The script `bad_for_each_arg.sh` is identical to `for_each_arg.sh` except that the 
`$@` is not quoted. Running `bad_for_each_arg.sh` with the same command line arguments as above produces
different output:

In [None]:
./scripts/loops/bad_for_each_arg.sh arg1 "arg2 has some spaces" "arg3 has some spaces, too"

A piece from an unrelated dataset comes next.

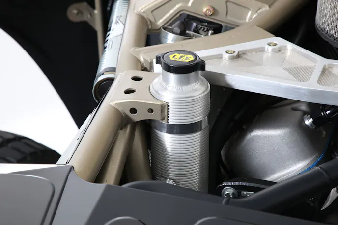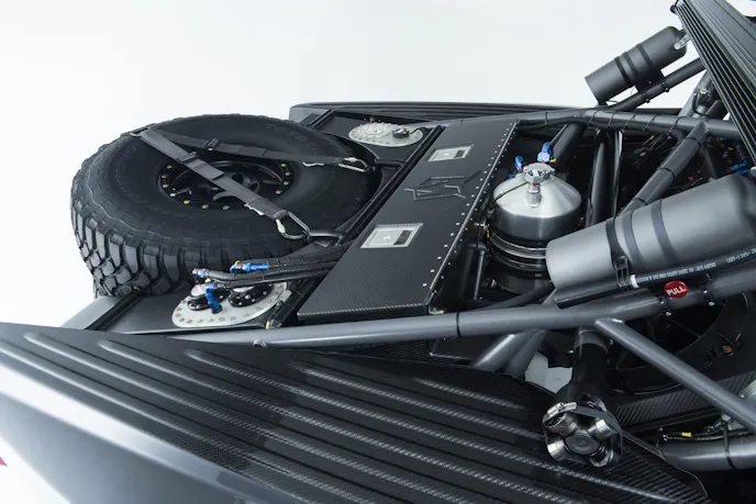 “These are basically a tube frame Trophy Truck with a high horsepower motor, and gobs of suspension travel. Almost thirty inches in the front and over thirty inches in the back. The trucks have incredible ride quality because the occupants will spend many hours inside. We use premium leather throughout, and equip air conditioning, sat phones, and GPS. I think we were the first to install a compact fridge in a Luxury PreRunner too.”

It is also common to see a `while` loop combined with the `shift` builtin used to sequentially process
command line arguments. `shift n` shifts the positional parameters to the left by *n* where *n* is a non-negative
integer value. *n* is assumed to be equal to $1$ if it is missing. The positional parameters are unchanged
if *n* is zero or greater than `$#`. The value of `#` is updated to reflect the updated number of positional
parameters.

`shift` or `shift 1` shifts the value of `$2` to `$1`, `$3` to `$2`, and so on. `$n` is unset. If you imagine
that the positional parameters are stored in a queue, then `shift` or `shift 1` is similar to dequeuing one
element from the queue.

The following script uses a `while` loop combined with `shift` to sequentially process command line arguments:

---
```sh
#!/bin/bash

# shift_arg.sh

while (( $# > 0 )); do
    # do something with first positional parameter
    # e.g., print its value
    echo "$1"

    # now shift positional parameters
    shift
done

```
---

In [None]:
./scripts/loops/shift_arg.sh arg1 "arg2 has some spaces" "arg3 has some spaces, too"

## Reading a file one line at a time

Plain-text files often contain line oriented data where each line contains some structured information and
each line ends with a newline character. Such files can be read one line at a time using a `while` loop,
the builtin `read` command, and a redirection:

```sh
while read -r line; do
    # print the line or do some other processing
    echo "$line"
done < "$file"
```

The `read` builtin command reads one line of text from standard input and stores the text in the variable
`line`. The `-r` option causes `read` to treat the backslash `\` as an ordinary character instead of the
escape character. The exit status of `read` is `0` unless `read` encounters an error when trying to read
the line of input; thus, the `while` loop runs as long as `read` is able to successfully read a line of
text that is terminated by a newline character.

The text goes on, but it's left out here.